Being professional, even if it means sacrificing authenticity, is all well and good if that’s your thing. But the reality is, it’s not an option for everybody. Professional clothing to me is uncomfortable and overstimulating. And I can’t do my work well if I’m overwhelmed or distracted. I can tolerate uncomfortable clothing for short amounts of time, occasionally. But this is my job, I do it for hours a week. And besides, I like my ‘alternative’ clothing, it helps me fulfill my need for authenticity that a lot of neuro-diverse people have. (I think this might be born out of a learned refusal to mask after years of pretending to be people we aren’t.) I like the messages it sends about me: that I’m non-conforming and open-minded and prioritizing living life over talking about it. These statements align very well with my beliefs and intentions as a therapist.

Devon Price speaks about radical visibility: daring to present ourselves as we are most comfortable and authentic despite the social connotations and pushback we might receive for it. Radical visibility means challenging social expectations and stereotypes just by being present and being seen as you are. So much of my sessions are spent unraveling the internalized beliefs systems of a toxic culture, so dressing how I want when I want can only help in those efforts. By being my comfortable, autistic self I am challenging the assumptions we’re all subconsciously affirming about what a therapist can be or do. That’s how evolution works: it requires diversity.

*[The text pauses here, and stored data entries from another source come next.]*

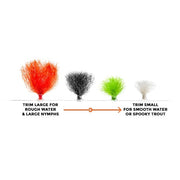 Presentation is perhaps the most important part of catching fish. When fishing nymphs beneath an indicator in front of spooky trout, having the perfect indicator could be the difference between landing a giant and going home disappointed. This is the best indicator we've found. Easy to attach and remove, this kit includes an applicator tool, a sampling of white and chartreuse wool, and 12 inches of size small replacement tubing. It's subtle as it lands on the water, sensitive when fish touch the fly, and won't get bogged down with water. Combo pack now includes four colors of yarn (black, white, orange, chartreuse.) Size large tubing is used to make larger indicators, size small is used to make smaller indicators.
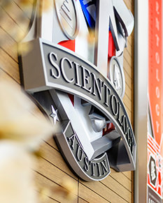 La próxima Iglesia Ideal de Scientology en Texas se encuentra adyacente a la Universidad de Texas. El edificio de más de 4800 metros cuadrados está en la calle social principal de Austin, famosamente conocida como The Drag, donde 70 000 peatones pasan cada día.
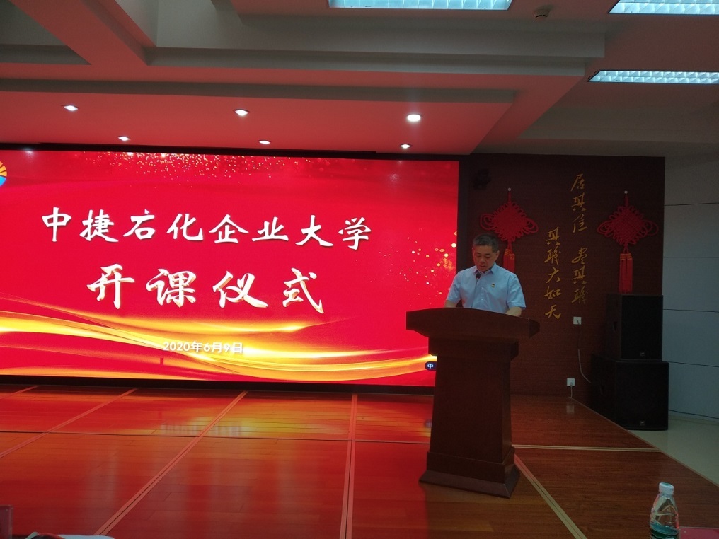 集團(tuán)總經(jīng)理喬樹華為中捷石化企業(yè)大學(xué)開課儀式作重要講話。喬總首先代表集團(tuán)公司全體人員向合作伙伴——格局商學(xué)院及諸位老師表示真摯的感謝,并預(yù)祝雙方的合作更加愉快,祝愿彼此在攜手共進(jìn)的道路上一起成長。
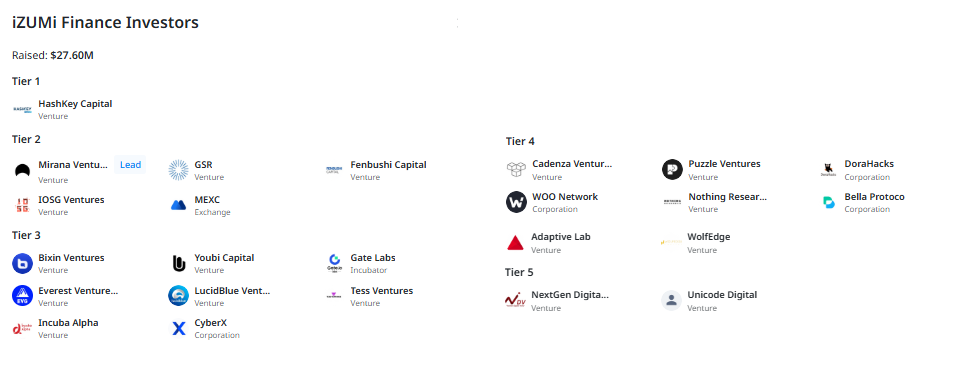 iZUMi Finance, erken dönemden itibaren güçlü kurumsal yatırımcıların dikkatini çeken bir proje oldu. DeFi alanında adı bilinen fonlardan alınan destek, protokolün hem teknik altyapısına hem de uzun vadeli vizyonuna duyulan güveni gösteriyor. Aşağıda yatırımcılar, katkı seviyelerine göre tier (katman) modelinde sıralanmıştır:
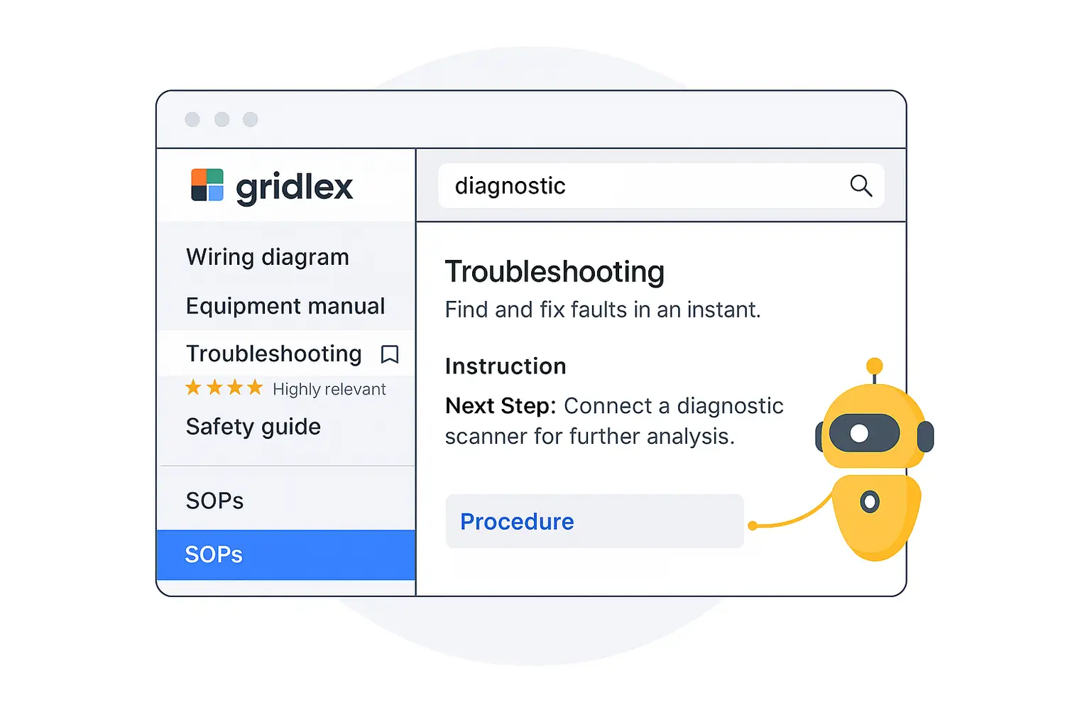 Gridlex turns your scanned PDFs and equipment manuals into a smart, searchable assistant. From oil specs to fault codes, it helps your team find exactly what they need—fast.
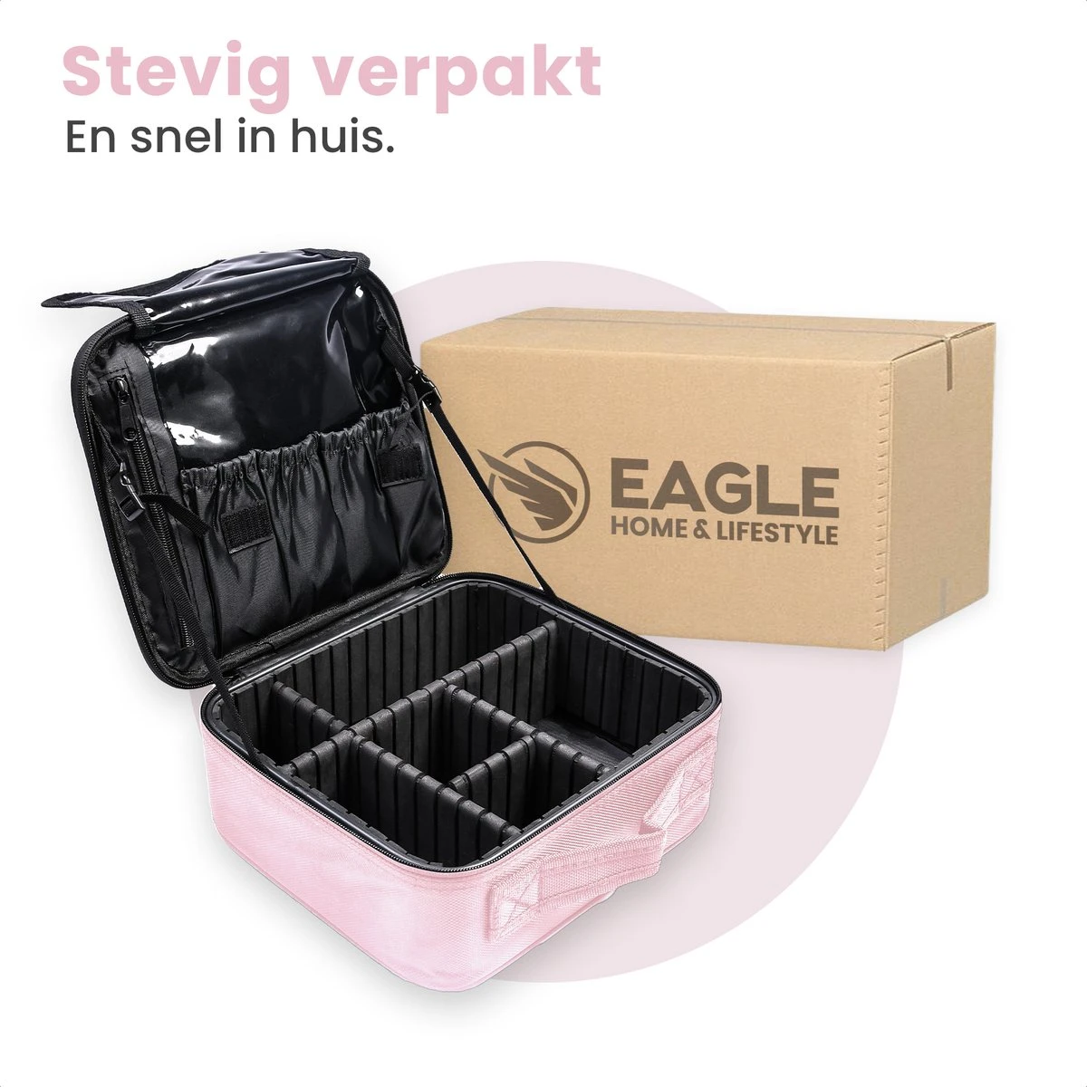 Doordat de make-up koffer van EAGLE gemaakt is van de beste en de meest stevige materialen, is de organizer zeer geschikt om mee te nemen op reis. Het slimme en stevige ontwerp zorgt voor een veilige omgeving van jouw spullen, zowel bij het gebruik thuis, als op reis.

When I began embracing autism and questioning my masking I took a hard long look (I am still looking) at the things I did in session which made me physically or emotionally uncomfortable but provided temporary social security. I’ve decided I’d rather learn to tolerate the risk of judgment than force myself to sit through hours of tense discomfort while pretending otherwise. But honestly? My practice has only flourished in the changes that I have since made. My autistic clients can see my autism in the way I wear my hair, my clothes, and my makeup. They can see it in my office: dimmed lights, available snacks, pillows on the floor. My gender aware client’s can see my androgyny. Client’s who struggle with self-esteem can see my sex-positivity and my body-positivity. My discomforts and headaches and stomach upsets. My muscle tension and soreness. My cold feet and my aversion to shoes. My tiredness. All these things are available for viewing if one looks closely enough. Am I self-conscious? Yes, daily. But not enough to justify trying to cover these things up and risk distancing myself from people who have come to rely on knowing me, and me knowing them.